128x128        0.18ms


256x256        0.7ms


512x512        2.7ms





No problem there. So then I timed the geometry plotting code, which plots a vertex array containing two triangles. All the calls were immeasurably fast except for glDrawArrays:





Texture Size   Draw Array Time


128x128        3.2ms


256x256        15ms


512x512        25ms





If I don’t upload a new texture this call is immeasurably fast.





I’d assumed that the big performance hit was uploading the texture, but it looks like it’s actually in plotting the geometry. Can anyone give me some guidance on what’s going on, and what I could do about it? I’d guess the texture upload has messed up the pipeline, but I didn’t expect to see such a massive hit proportional to the size of the texture. Possibly this is my ignorance of OGL-ES. I’m using the 1.1 vertex shader by the way.





One final thought. I’m forced to use a R5G6B5 framebuffer due to issues between the SGX driver and the latest omap DSS driver. The textures are RGBA - there’s no way to upload in R5G6B5 that I’m aware of. Could there be some issue with translation?





Any suggestions appreciated.





Cheers





Rob





OpenGL loads textures in a lazy fashion - that is, the actual loading of the texture to be used doesn’t occur until the texture is used. In this case it doesn’t happen until the call to glDrawArrays that you’ve measured. When you call this again with the same texture there is no load overhead and so the call is, as you say, immeasurably fast.





During the texture load the data is optimized for the GPU by the drivers which is why you’re CPU bandwidth is being used up. Sadly, there is no way to bypass this through GL. It may be worth contacting Texas Instruments about an alternative path for this issue.





I’m not sure what you mean by there being no way to upload RGB565. There is code in our PVRTools that does just that - it’s just another texture format supported by GL. If you’re producing RGBA8888 data you will need to convert this to RGB565 first (I posted about this here: https://www.imgtec.com/forum/forum_posts.asp?TID=227). PVRTexTool will generate all of the OpenGL texture formats so you can use this to examine the quality of image you’ll be achieving on your development machine and see which formats are available. Using lower bandwidth texture formats is generally a performance win, but I’m not certain you will see a great improvement here, however.





Hi Gordon, I wonder if you could answer a couple of questions for me…





We have a project which we are writing for the entire iPhone range.
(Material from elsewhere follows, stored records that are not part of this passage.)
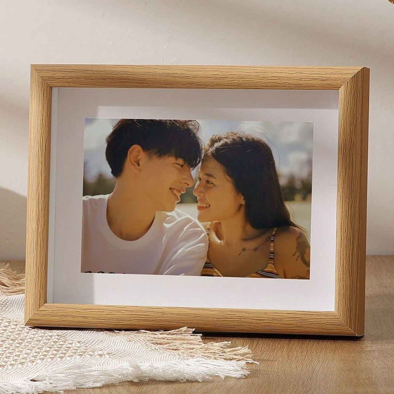 【木製フォトフレーム】天然素材で作られたフォトフレームです。木の持つあたたかい質感で、部屋をやわらな雰囲気にできます。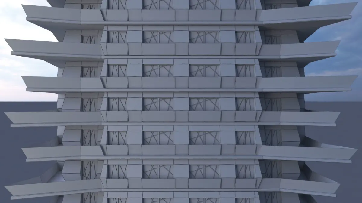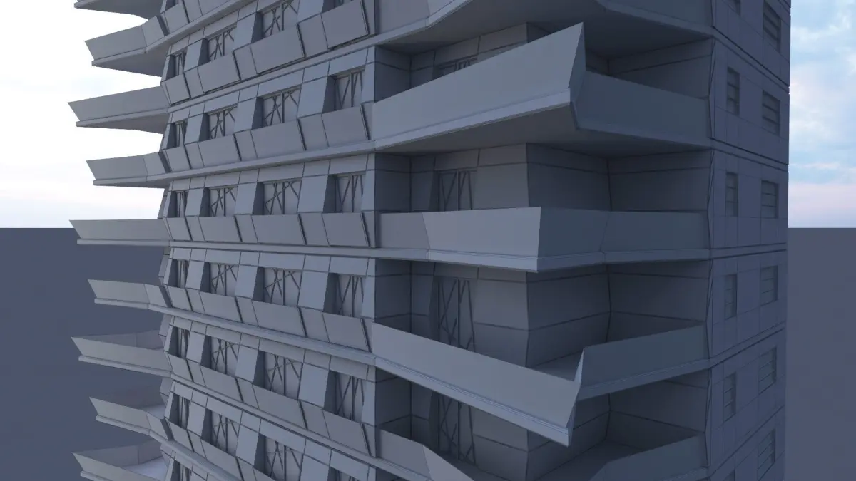 Low poly 3d model of a twenty-storey residential building.
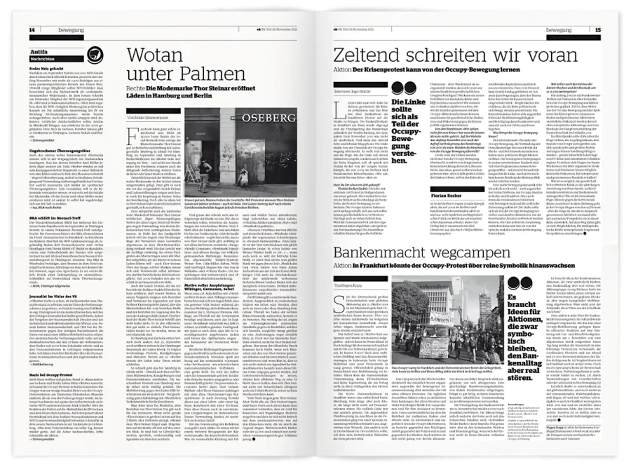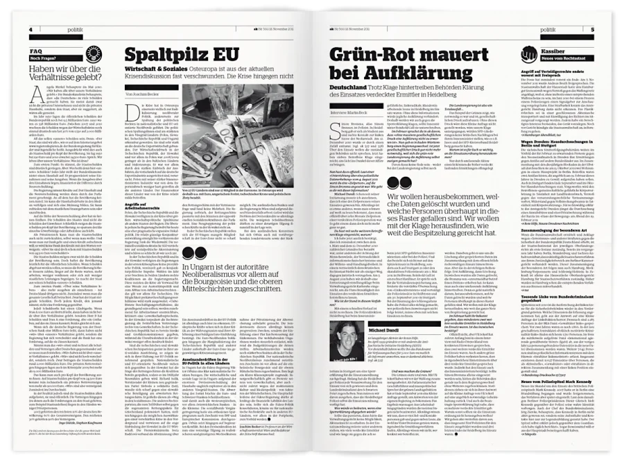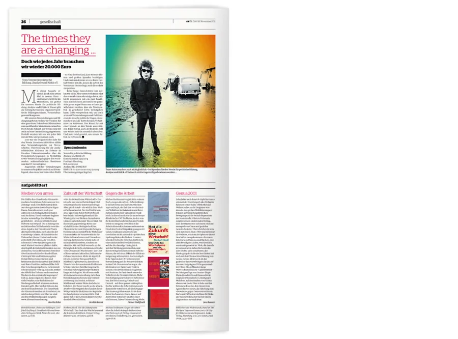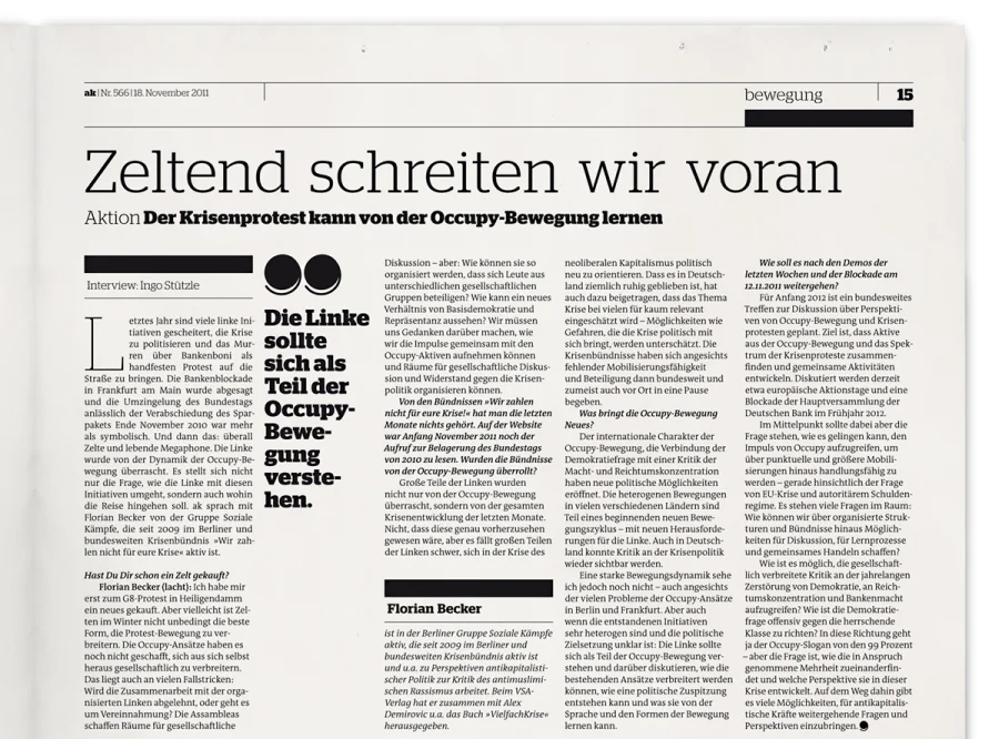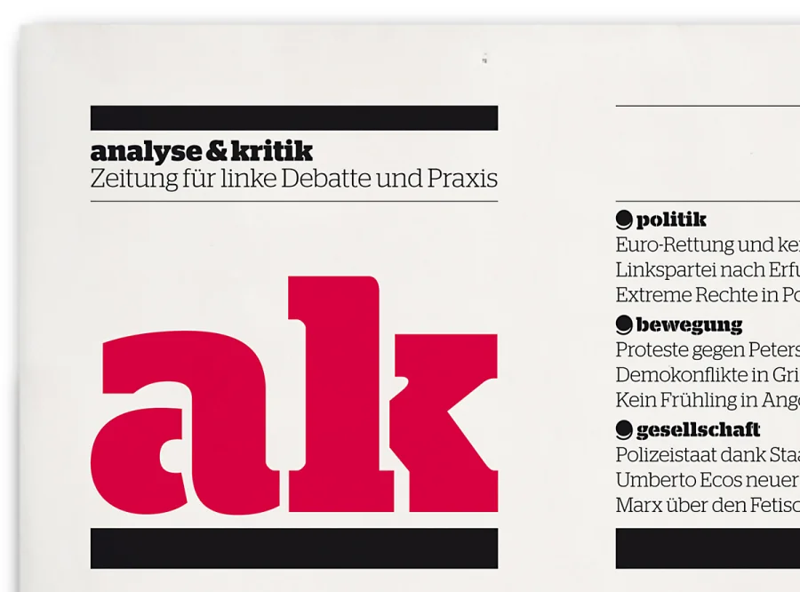 Zu ihrem 40-jährigem Bestehen wurde »ak« nun komplett überarbeitet. Die Redaktion hat sich lange Gedanken über die Zukunft der Zeitung und damit verbunden über die Chance eines Redesigns, gemacht. Dieser Prozess erfolgte unter professioneller Anleitung. Die »ak«-Redaktion beauftragte mich mit recht klaren Vorstellungen wohin sie redaktionell möchte, was die Arbeit sehr erleichtert hat. In der ersten Ausgabe im neuen Design geht es u.a. genau darum: Warum heute eine linke Zeitung machen? Und das auch noch auf Papier… Antworten geben u.a. der Schriftsteller Dietmar Dath, der Soziologe Gottfried Oy sowie der niederländische Medientheoretiker Geert Lovink.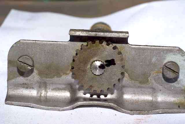 In the first picture you can see an ink mark on the sprocket and end of spindle. This is just a precautionary step. The press fit spline should be symmetrical all around, but it might reassemble easier if it was put back in the original position. The second picture shows the seal area between the output knurl and the end of the housing. This one has no seal or only small fragments of rubber remaining. The third picture above shows what remains of the better seal of the two. Don't expect too much of a 50 year old rubber part.
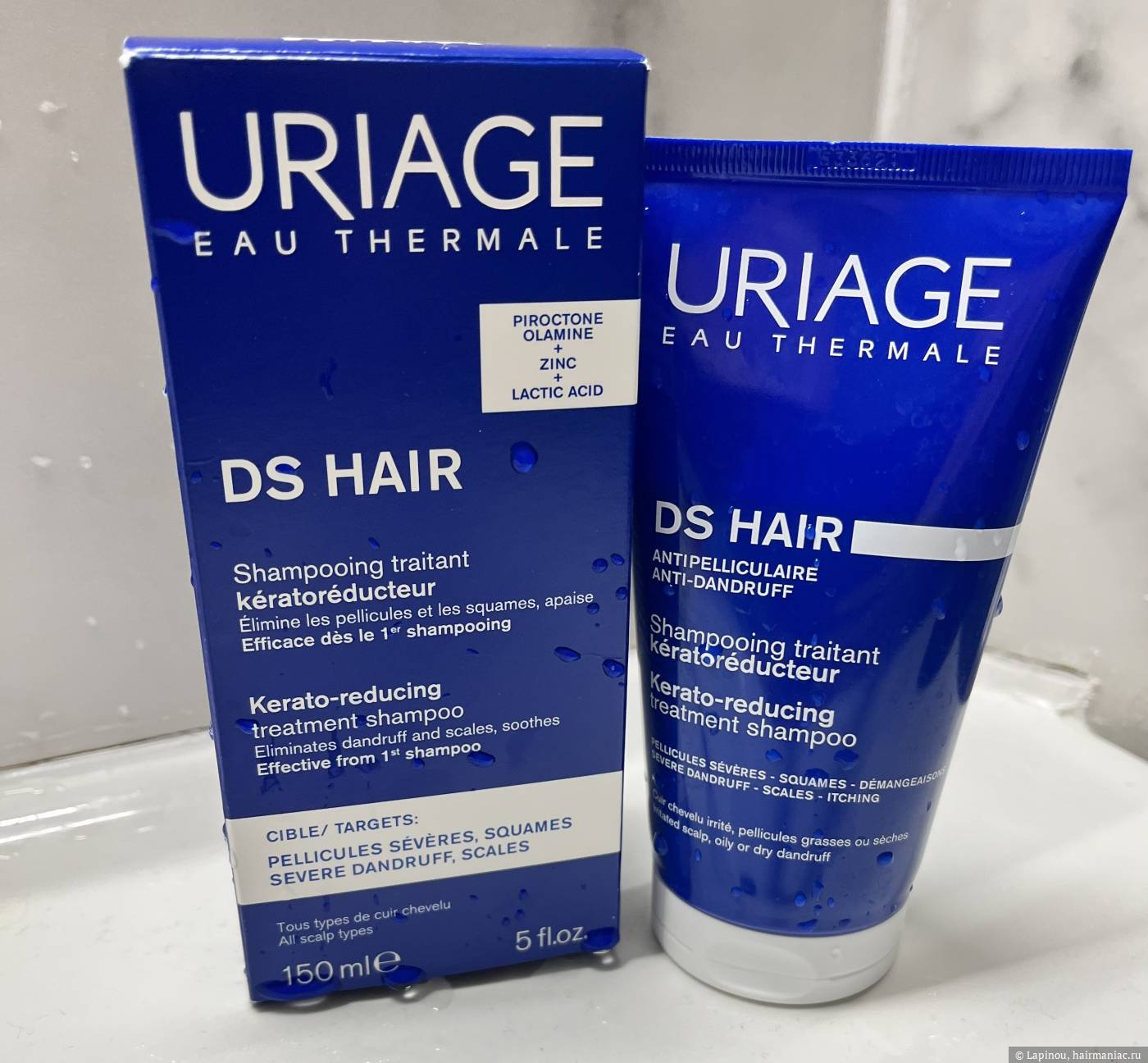 - Шампунь от перхоти Uriage DS (c lactic acid, zinc и Pirocton Olamine).

We have texture uploading pretty much about where we want it on the 3GS, and are getting there with the earlier iPhone / iPods.





I have read pretty much all the info out there wrt to texture uploads, and the problems people are facing, so am fairly familiar with the problems / methods you all describe above.





At the moment we are uploading 16px16p texture tiles in 4x4 batches, so 64px64p blocks. These are either in RGB888 or RGBA8888 format. By staging uploads and batching etc. we have managed to smooth this on the GLES1.1 iPhone / iPods.





What I was wondering is if there is any advantage (other than the small reduction in bandwidth) to using a different format for the data, say RGB565?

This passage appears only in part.